> _PROVIDED ENTRIES_
-- Opening Marker --
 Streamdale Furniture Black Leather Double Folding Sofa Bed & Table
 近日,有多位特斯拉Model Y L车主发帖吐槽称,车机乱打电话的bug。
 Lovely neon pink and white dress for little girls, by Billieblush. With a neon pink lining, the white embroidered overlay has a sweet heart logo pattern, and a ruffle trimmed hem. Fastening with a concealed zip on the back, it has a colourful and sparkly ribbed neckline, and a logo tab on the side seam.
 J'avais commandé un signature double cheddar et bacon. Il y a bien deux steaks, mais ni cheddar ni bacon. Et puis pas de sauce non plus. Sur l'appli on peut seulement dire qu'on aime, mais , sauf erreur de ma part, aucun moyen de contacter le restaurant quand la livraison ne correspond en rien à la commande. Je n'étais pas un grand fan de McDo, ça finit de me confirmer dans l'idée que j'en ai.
-- Closing Marker --
-- Opening Marker --
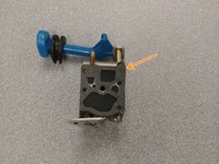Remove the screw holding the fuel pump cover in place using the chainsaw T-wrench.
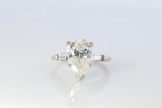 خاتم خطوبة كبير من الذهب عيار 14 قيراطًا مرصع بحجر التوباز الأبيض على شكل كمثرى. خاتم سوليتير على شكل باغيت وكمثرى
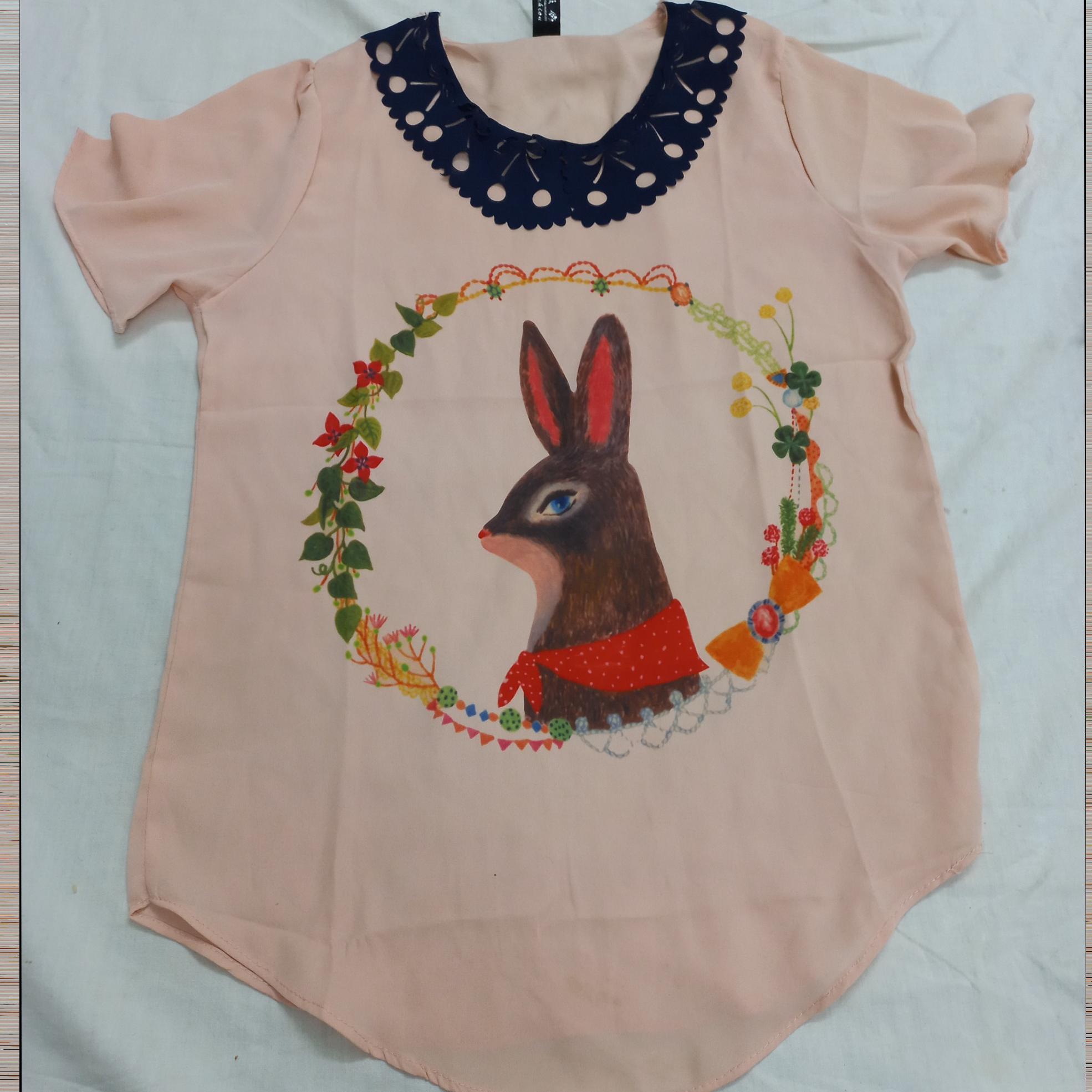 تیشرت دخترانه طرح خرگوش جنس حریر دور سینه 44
-- Closing Marker --
> _YOUR TASK_
From the records above, copy only the lines running from the line holding "Remove the screw" through the line holding "تیشرت دخترانه طرح خرگوش جنس حریر دور سینه 44", with no pictures.

> _EXERCISE SOLUTION_
Remove the screw holding the fuel pump cover in place using the chainsaw T-wrench.
 خاتم خطوبة كبير من الذهب عيار 14 قيراطًا مرصع بحجر التوباز الأبيض على شكل كمثرى. خاتم سوليتير على شكل باغيت وكمثرى
 تیشرت دخترانه طرح خرگوش جنس حریر دور سینه 44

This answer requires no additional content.